Shirley Berdie cradles the cassette tape gently in slender fingers, as if it were a rare gemstone.

She's kept it close for nearly 35 years -- since her kids sat their grandfather down in 1977, turned on the tape recorder and captured Joseph Sher's stories of growing up as a poor kid shining shoes and hawking fish in Duluth's Bowery.

"It's invaluable and has a pretty good chunk of Minnesota history on it -- from Duluth to the Iron Range and up the North Shore," she says, as the sun filters through her fifth-floor apartment window in St. Paul.

A retired fourth-grade teacher, Berdie spent her first 60 years in Duluth. Then she moved to Asheville, N.C., for 25 years until her husband, John, died in 2009 and her kids encouraged to move back to Minnesota six months ago.

On the 45-minute tape, Joe Sher talks about his days as plumber, pioneer movie theater projectionist and roller rink instructor. Born in 1893, Joe was 83 when the tape was recorded.

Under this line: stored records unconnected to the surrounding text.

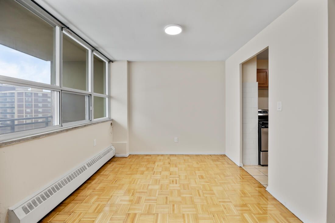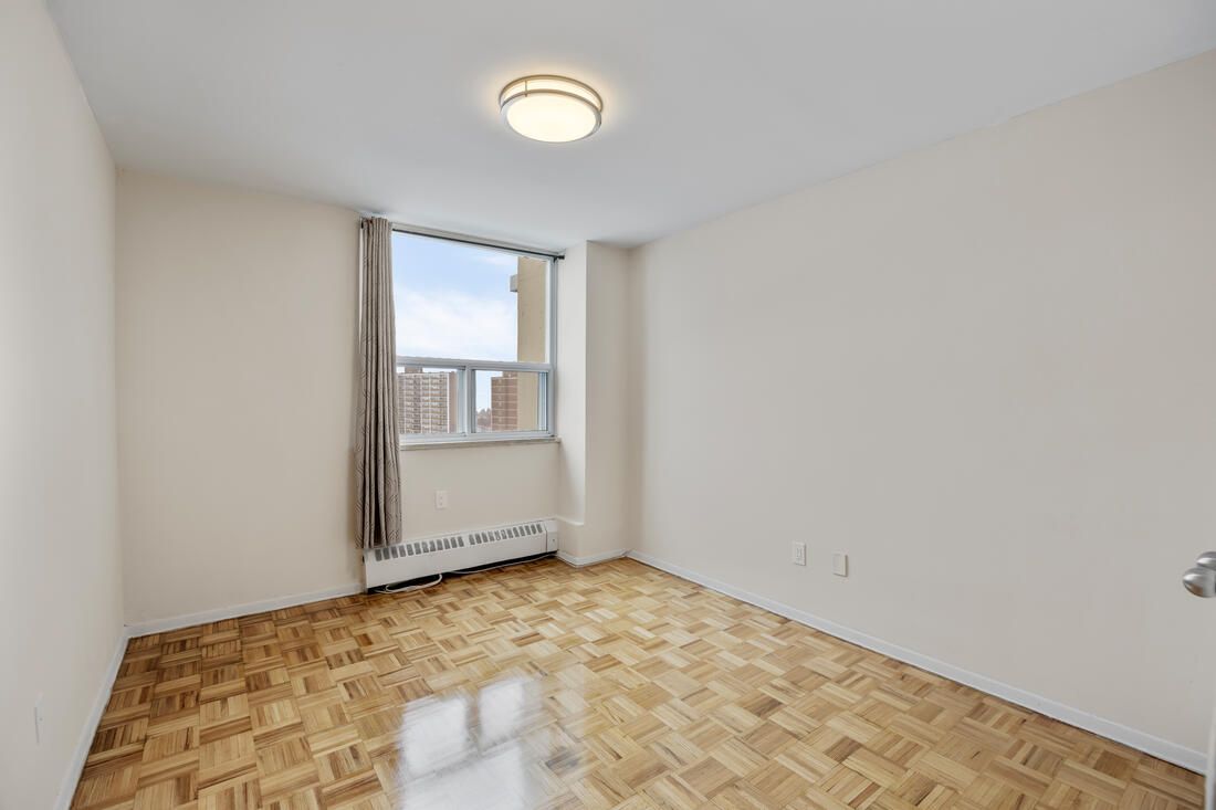 Bright and spacious unit in well maintained building. Gleaming parquet floors! Balcony! Next door to fairview mall.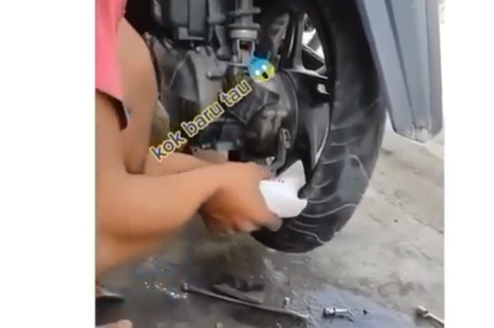 MOTOR Plus-online.com - Viral video tukang tambal ban yang pakai cara unik.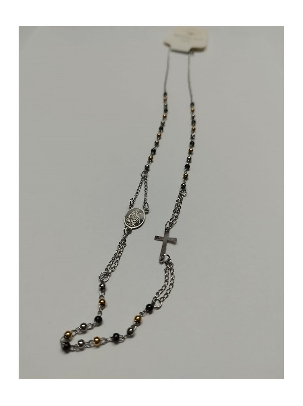 Collana in acciaio con medaglie Madonna Miracolosa croci e grani rosario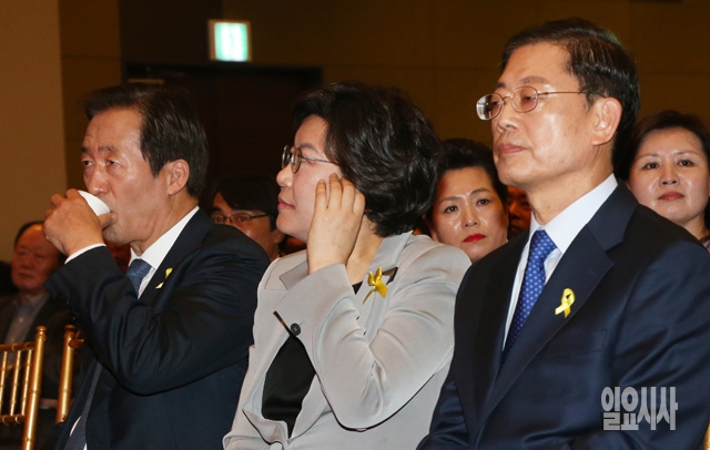 2일 서울 영등포구 당산 그랜드컨벤션센터에서 열린 새누리당 서울시장 후보자 정책토론회에서 정몽준(왼쪽부터), 이혜훈, 김황식 후보가 참석해 자리하고 있다. (사진공동취재단)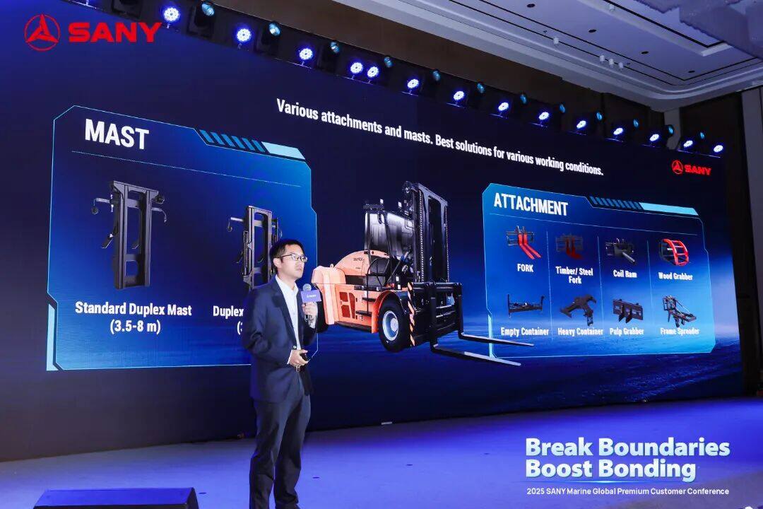 The product development leader of Sany Ocean highlighted the advanced technology and innovative achievements of logistics equipment to global customers and agents: the new pure electric material grabbing machine achieved a dual breakthrough of 9-hour battery life and 20% efficiency improvement; 1 kWh of electricity for an electric forklift is equivalent to 2-2.5L of diesel, significantly reducing energy consumption costs.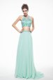 Attractive Scoop Apple Green Chiffon Criss Cross Homecoming Dress Sleeveless With Brush Train Beading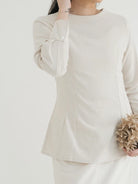 Blouse wanita dengan siluet fitted yang ramping dan elegan—didesain untuk hari-hari saat kamu ingin tampil rapi, tenang, dan tetap nyaman sepanjang waktu. Potongannya mengikuti lekuk tubuh dengan lembut tanpa terasa ketat, menghadirkan kesan feminin yang halus dan tidak berlebihan. Jahitan detail di bagian atas dan garis pinggang mempertegas bentuk dengan cara yang subtil dan anggun, menjadikan Elma pilihan tepat untuk tampilan yang bersih dan terstruktur.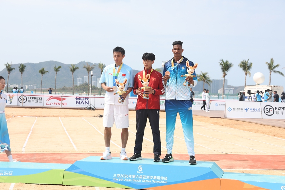 中国选手陶叶革(左)获得第六届亚沙会沙滩田径男子跳远银牌。海报集团全媒体记者韦茂金 摄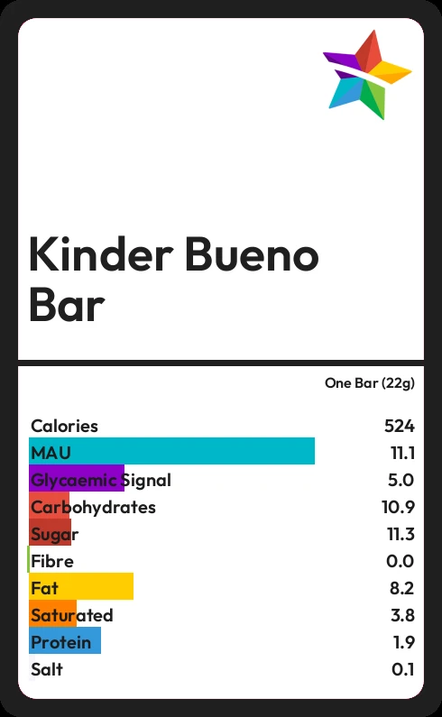 Kinder Bueno Bar contains 11.3g sugar in one Bar (22g) - that is around 3 cubes of sugar.

He died four years later.

"Oh, boy, did I have experiences," he says.

Joe talks about how his father, who emigrated from Vilna before the Russian army could snatch him up, would take a team of horses 20 miles up to Knife River every day and bring back a ton of herring, ciscoes and trout that "peddlers from the old country, with these two little baskets on their arms, would sell on the streetcars and house to house.

"He'd wake me up at 2 o'clock in the morning and I'd go down to the lake shore 100 feet from our house and chop a hole in the ice to get water for the horses," he says. "Money was so scarce that if I needed new shoes, my father would let me pick a dozen of the biggest herrings" to sell.

When lumberjacks came down from the lumber camps, Joe and other 6-year-old shoe-shine boys "were waiting like a bunch of vultures."

"Their pockets were full of money and what the girls didn't take away from them and the bartenders didn't rob them of, would be a harvest for us," he says. "They had these great big muddy boots and we'd shine one and ask for money before we'd shine the other one."

Joe also gives a rare eyewitness account of the November 1905 Mataafa disaster, when an ore boat failed to make it between Duluth's piers and 10,000 people lighted bonfires and watched crew members try to run from the back to the captain's quarters up front between 50- foot waves. Fifteen survived, three were washed over and six in the rear froze to death. "The next morning, we were watching as they chopped the bodies away from the ice and brought them in," he says.

He sold newspapers for 2 cents on Superior Street.

When a man reached out the window and gave him two pennies for the paper, Joe realized he'd slipped him a $5 gold piece by mistake. He ran home with 10 unsold papers to tell his mother. She asked why he didn't sell all the papers.

"I thought I'd better disappear before the guy came looking for me," he explains. "She slapped me and made me go back and sell the rest."

Shirley Berdie can't help but smile.

"If I didn't have this tape, it wouldn't make a great difference in my life," she says. "But I do have it, so it's something I want to pass along and keep alive."